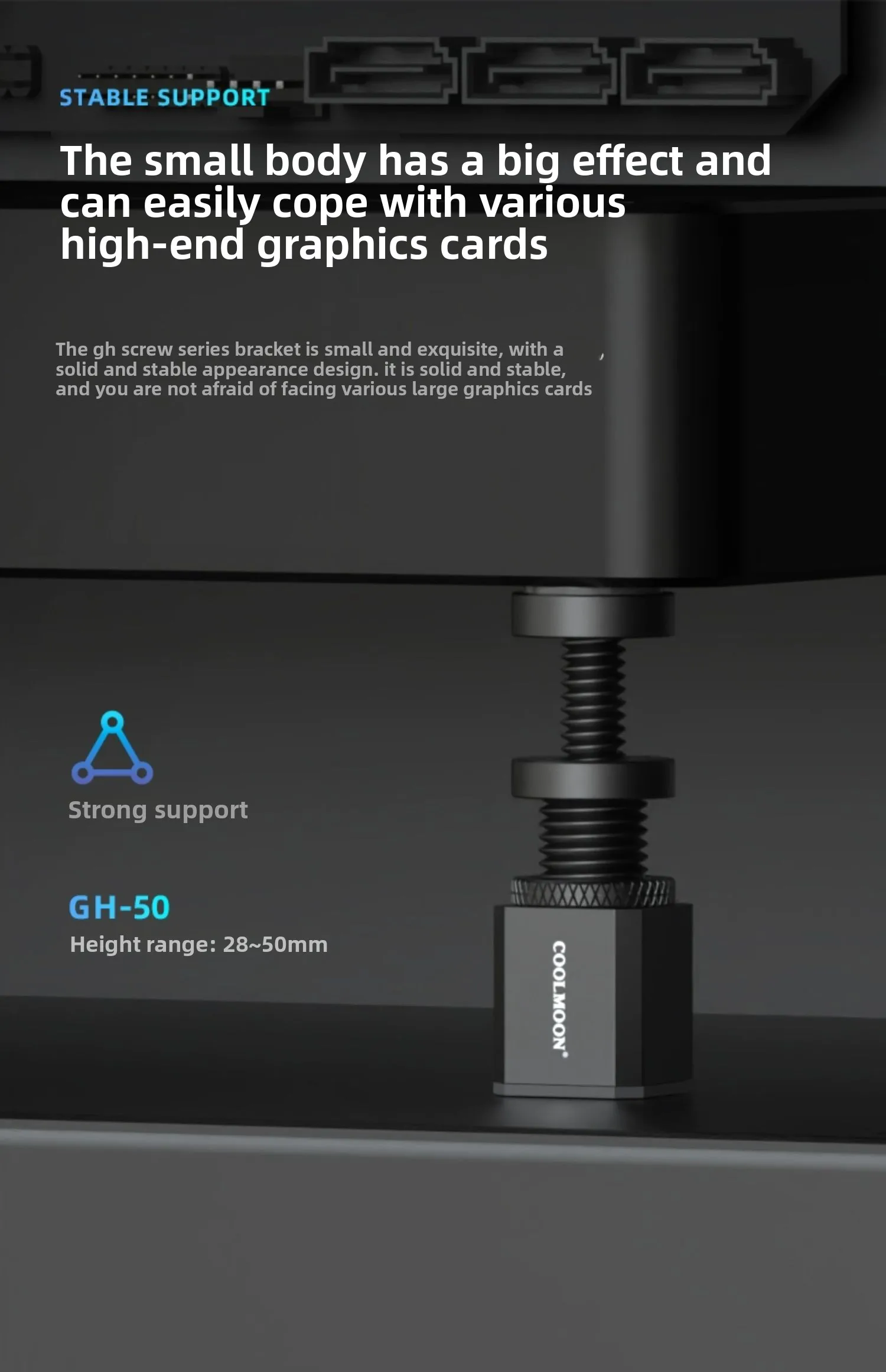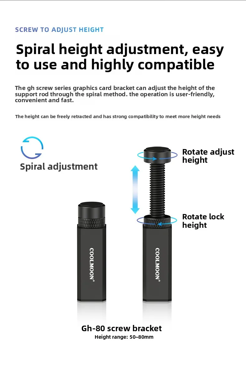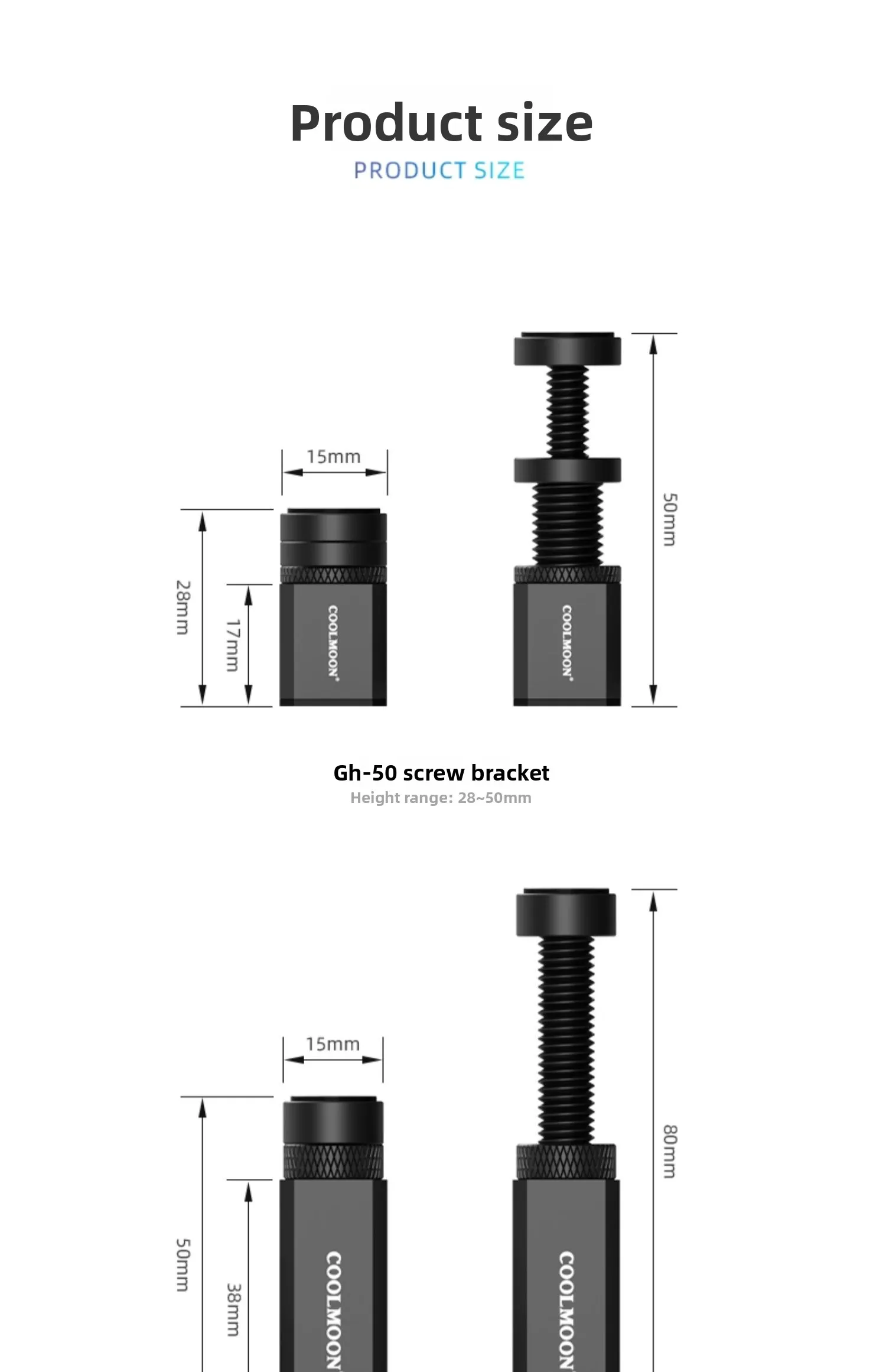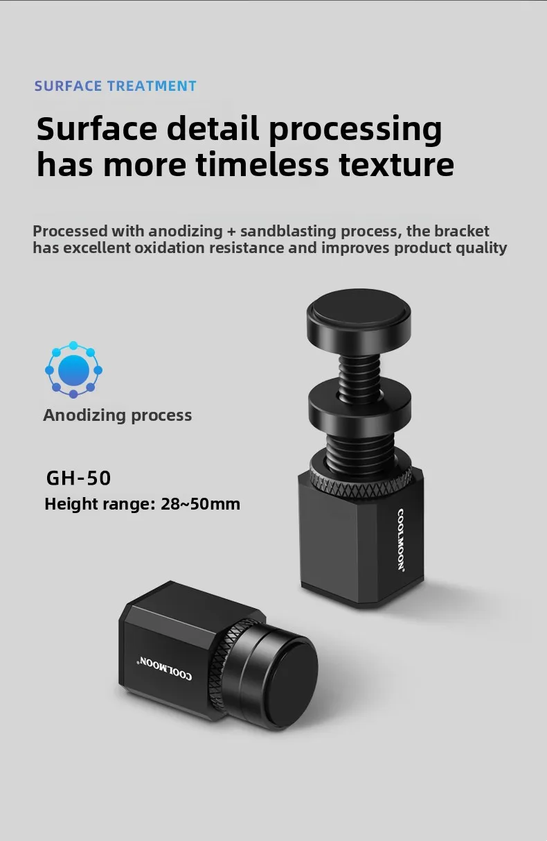 Height Adjustment Range: 28~50mm (GH-50) / 50~80mm (GH-80) / 75~120mm (GH-120)
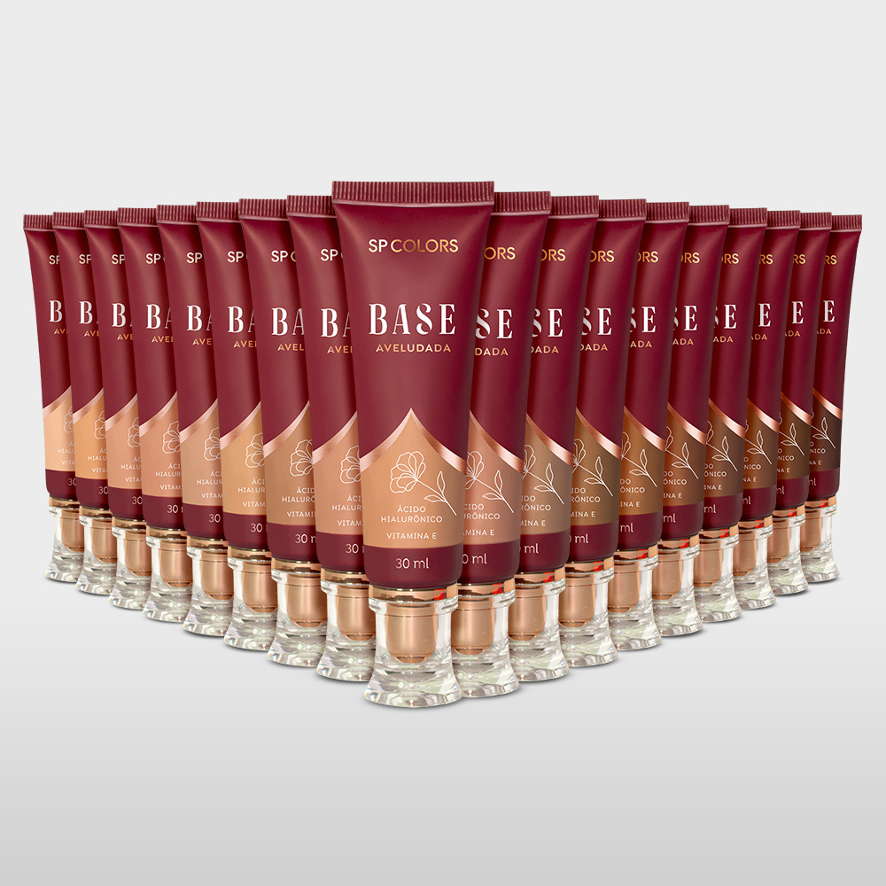 Trazendo 18 tonalidades, com ativos, benefícios e um acabamento incrível na pele, chegou a Base Aveludada da SP Colors! Há mais de um ano sendo desenvolvida, a base contém vitamina E, que é rica em ação antioxidante e ácido hialurônico, que hidrata e mantém essa hidratação na pele durante seu uso! Ela possui uma textura incrível, que desliza na pele de maneira uniforme, com ótima espalhabilidade e rendimento, deixando uma sensação extremamente confortável ao usá-la! Sua cobertura é considerada de leve a média, sendo possível construir camadas para uma maior cobertura, sem marcar poros ou linhas de expressão. A base traz um efeito aveludado sutil com glow suave, que resulta em um acabamento lindíssimo e muito natural. Além disso, ela não oxida após a aplicação e é resistente à água, ou seja, ela não vai te deixar na mão por ai! Sabemos que a embalagem no formato de bisnaga é a mais queridinha, por isso, a Base Aveludada possui essa embalagem, por ser prática, leve e que permite que o produto seja usado até o final! Possui um dosador bem fininho, para que sua aplicação seja feita de forma controlada e tenha fácil alcance em áreas menores do rosto! Também trouxe um design clean e sofisticado, com detalhes em hot stamping que afirmam ainda mais o empoderamento e beleza que ela vai te proporcionar!
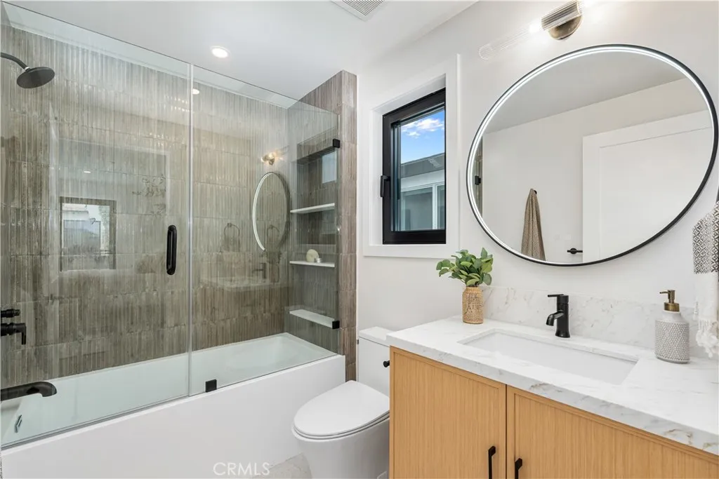Welcome to 3517 Walnut Avenue, a 5-bedroom, 5.5-bath home in the Tree Section of Manhattan Beach offering 3,240 square feet of living space on a 4,645 square foot lot. The main level features an open kitchen with a large quartz countertop, premium Thermador appliances, custom cabinetry, and seamless flow into the dining and family areas. A sliding door in the family room opens to the patio for easy indoor-outdoor living. The living area is centered by a modern fireplace, creating a comfortable gathering space. Upstairs, the primary suite includes a private balcony, generous closet space, and a bathroom with dual sinks, a soaking tub, and a walk-in shower. Each additional bedroom features its own en-suite bathroom, providing privacy and convenience for family and guests. The home is pre-wired for a complete entertainment system and security. Outdoor areas are designed for relaxation and entertaining with a built-in barbecue, fire pit, and patios that enjoy Tree Section canopy views. With wide-plank floors, clean finishes, and thoughtful design throughout, 3517 Walnut Avenue offers modern comfort in a prime Manhattan Beach location close to top-rated schools, parks, and the beach.
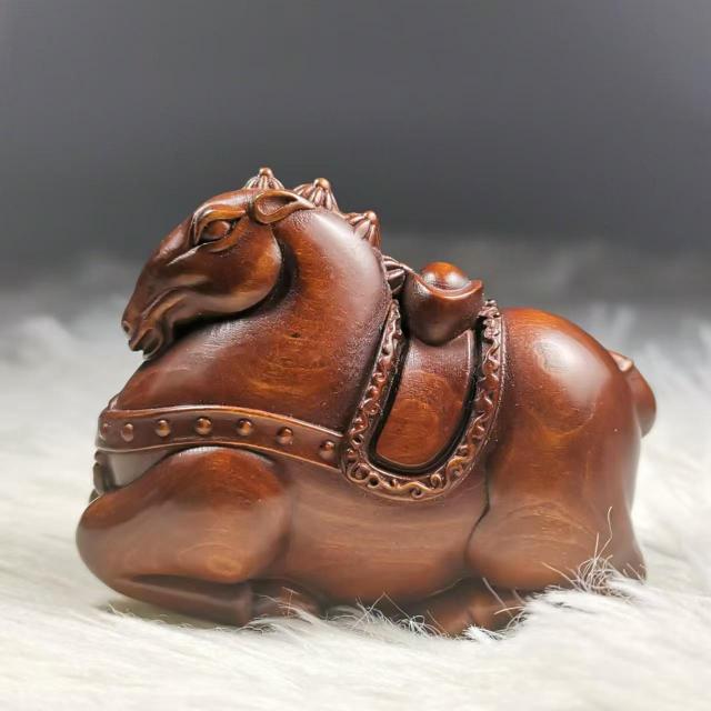 029 纯天然黄杨木(唐马)马上有钱把玩件
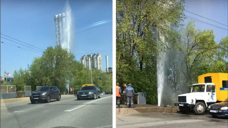 В Киеве на Воздухофлотском проспекте в среду, 29 апреля, прорвало трубу, в результате чего образовался гигантский "фонтан".
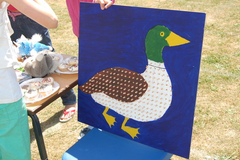 A tombola stall with a difference – just pluck your tickets from the duck to win a prize. This makes a good stall for school fairs or summer fêtes in the garden. You’ll need: A pencil A piece of hardboard or plywood about 60cm by 60cm A drill, with a 5cm to 6cm drill part Poster paint in ducky colours (we used blue, green, yellow, brown and white) Raffle tickets Prizes (old plush toys, books, cakes etc) With the pencil, draw the side outline of a large duck on the hardboard or plywood, showing the body, wing, feet, head, beak and eye. Then drill holes in regular rows about 2cm apart over the body of the duck – Joe (aged 13) did this for us but younger children will definitely need adult supervision. We drilled about 225 holes in total – how many depends on how big your duck is. Once the holes are in place, paint the duck and background and leave to dry. On the day of the fair, roll raffle tickets and push them into the holes. Stick the matching tickets ending in ‘5’ and ‘0’ on to your prizes, and arrange on a stall. Then it’s roll up, roll up for some summer fun!
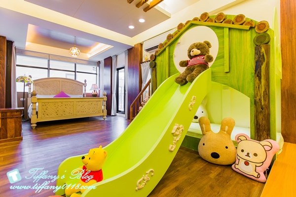 將其中幾間房間改成現在最夯的溜滑梯親子房型
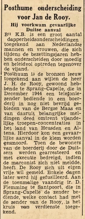Posthume is de bronzen leeuw toekend aan wijlen heer J. H. de Rooy, gewoond hebbende te Sprang-Capelle, die In December 1944 een telefonie zender bediende in een "boerderij in nog niet bevrijd gebieden van de Bergse Maas en van daaruit belangrijke meldingen deed omtrent vijandelijke troepen-concentraties In het land van Heusden en Altena. Hierdoor kon een gevaarlijke aanval in de kiem worden gesmoord. Toen de bewoners van 1de boerderij door de Duitsers werden gearresteerd en met exeeutie bedreigd, indien <1e marconist zich niet meldde, heeft De Rooy zich uit eigen vrije wil gemeld. Enkele dagen later werd hij gefusilleerd. Aan de toenmalige vaandrig ir. D.Flemming te Santpoort, die in Sprang-Capelle de zender bediende, welke contact had met de zender van de Rooy,. Is het kruis van verdienste toegekend.
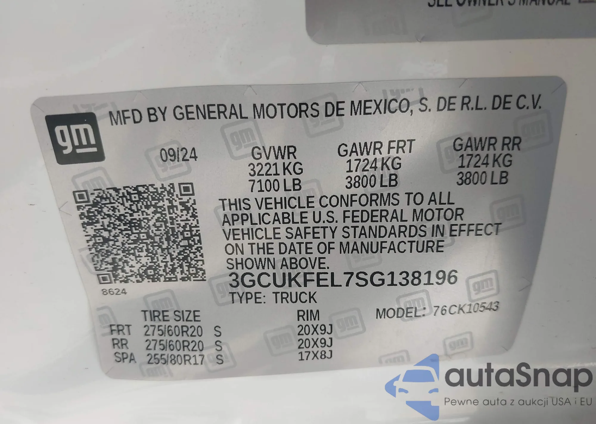 • VIN 3GCUKFEL7SG138196
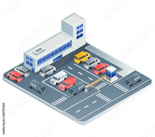 © hasan, Obraz premium Car company parking lot in isometric illustration
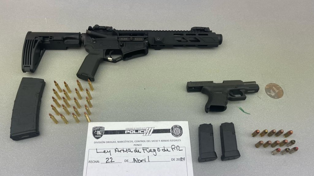 En el residencial Perla Del Caribe, se arrestó a Félix Torres Sánchez, de 29 años, confiscándole una pistola Glock 30 calibre .45, dos cargadores calibre .45, 3 balas calibre .45, un rifle marca Diamondpack, un cargador de rifle y 20 municiones calibre 2.23.
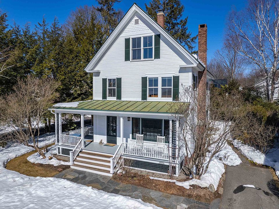 11 PLEASANT STREET- Classic, sophisticated in-town home abutting conserved land with stunning southerly views. This historic home has been thoroughly renovated and expanded through the years to combine original charm with modern convenience. The interiors are elegant and bright with high ceilings in many of the rooms, well-sighted to take in the views of Mount Ascutney, Mink Brook Nature Preserve, and the beautifully landscaped grounds. The kitchen was recently renovated to a premium, well-appointed standard, while a lovely living room with wood burning fireplace sits adjacent. The gathering rooms are grand yet balanced by more private, intimate spaces like the detailed central library and wine cellar. There are 3 spacious bedrooms on the second floor and a 4th on the third floor. Equally impressive are the outside components, with granite paths & patios, and a wraparound porch flanking the entertaining spaces inside the home. Sitting on the corner of desirable Pleasant Street– a charming and quiet one-way street just a short walk from Main Street and the Dartmouth College campus– this property is a rare offering for in-town Hanover.
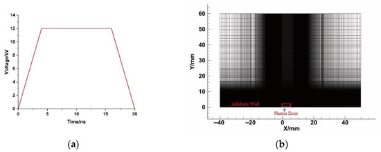 NS-SDBD verification example. (a) Pulse waveform; (b) Computational domain.
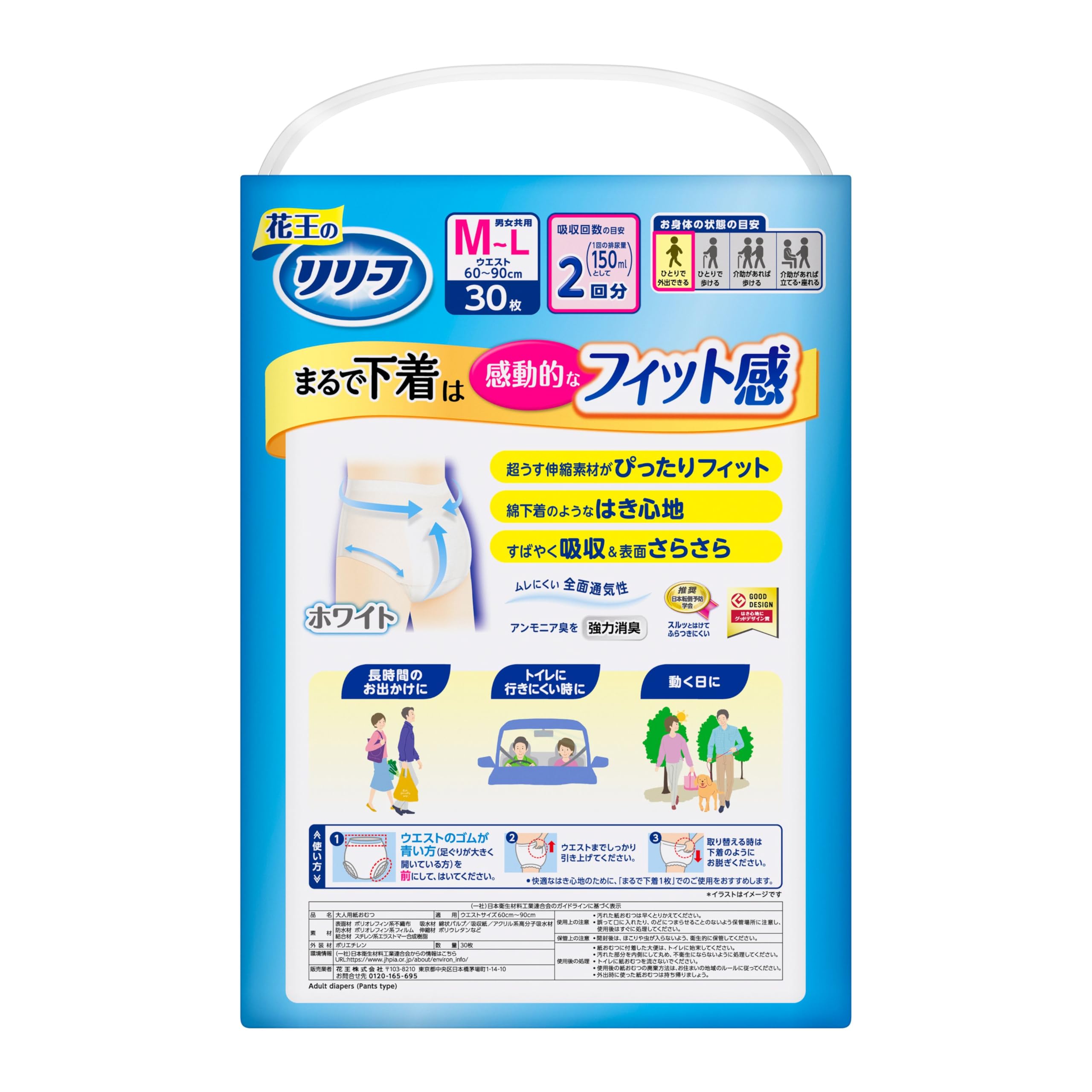 花王リリーフまるで下着の3つのこだわり1超うす型で綿下着のようなはき心地!ゴワゴワしない、やわらかな肌ざわり2後ろ姿すっきり!しなやかフィットで、お尻まわりも、もたつかない3お出かけにも安心!すばやく吸収&消臭。安心の2回分吸収ムレにくい全面通気性。アンモニア臭を強力消臭。ホワイト。(医療費控除対象品)

**Task description**
Copy, word for word, the entries above from the first line to the line that holds "Trazendo 18 tonalidades, com". Drop the pictures.

**Answer for the task**
 Height Adjustment Range: 28~50mm (GH-50) / 50~80mm (GH-80) / 75~120mm (GH-120)
 Trazendo 18 tonalidades, com ativos, benefícios e um acabamento incrível na pele, chegou a Base Aveludada da SP Colors! Há mais de um ano sendo desenvolvida, a base contém vitamina E, que é rica em ação antioxidante e ácido hialurônico, que hidrata e mantém essa hidratação na pele durante seu uso! Ela possui uma textura incrível, que desliza na pele de maneira uniforme, com ótima espalhabilidade e rendimento, deixando uma sensação extremamente confortável ao usá-la! Sua cobertura é considerada de leve a média, sendo possível construir camadas para uma maior cobertura, sem marcar poros ou linhas de expressão. A base traz um efeito aveludado sutil com glow suave, que resulta em um acabamento lindíssimo e muito natural. Além disso, ela não oxida após a aplicação e é resistente à água, ou seja, ela não vai te deixar na mão por ai! Sabemos que a embalagem no formato de bisnaga é a mais queridinha, por isso, a Base Aveludada possui essa embalagem, por ser prática, leve e que permite que o produto seja usado até o final! Possui um dosador bem fininho, para que sua aplicação seja feita de forma controlada e tenha fácil alcance em áreas menores do rosto! Também trouxe um design clean e sofisticado, com detalhes em hot stamping que afirmam ainda mais o empoderamento e beleza que ela vai te proporcionar!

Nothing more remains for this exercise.